This case, therefore, seems at first sight opposed to the
rule that a cross with a fresh stock is much more beneficial than a
cross between individuals of the same stock. But as with Eschscholtzia,
the reproductive system was here chiefly benefited; for the plants
raised from the cross with the fresh stock were to the self-fertilised
plants in fertility, both lots being naturally fertilised, as 100 to 46,
whereas the intercrossed plants of the same stock were to the
self-fertilised plants of the corresponding fifth generation in
fertility only as 100 to 86.
Although at the time of measurement the plants raised from the cross
with the fresh stock did not exceed in height or weight the intercrossed
plants of the old stock (owing to the growth of the former not having
been completed, as explained under the head of this species), yet they
exceeded the intercrossed plants in fertility in the ratio of 100 to 54.

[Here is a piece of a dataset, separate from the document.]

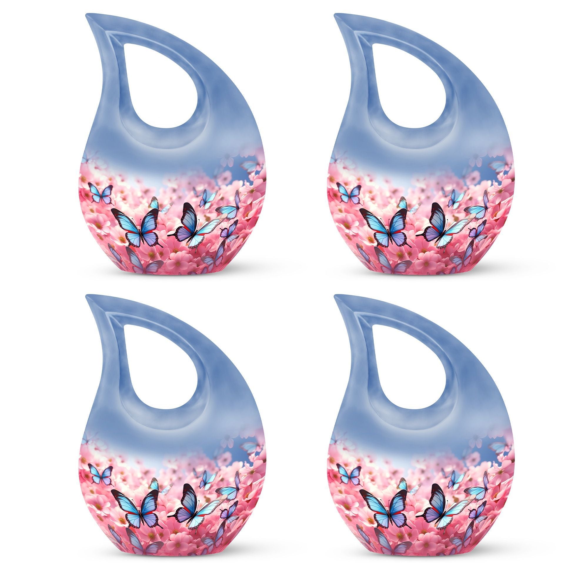 The Pink Floral Decorative Urn for Human Ashes is a stunning tribute crafted with elegance and care. Adorned with intricate blossoms and butterfly details, this urn serves as both a pink butterfly urn and a blue butterfly urn, symbolizing renewal, love, and everlasting peace.

This fact is interesting, as it shows that plants self-fertilised for
four generations and then crossed by a fresh stock, yielded seedlings
which were nearly twice as fertile as those from plants of the same
stock which had been intercrossed for the five previous generations. We
here see, as with Eschscholtzia and Dianthus, that the mere act of
crossing, independently of the state of the crossed plants, has little
efficacy in giving increased fertility to the offspring.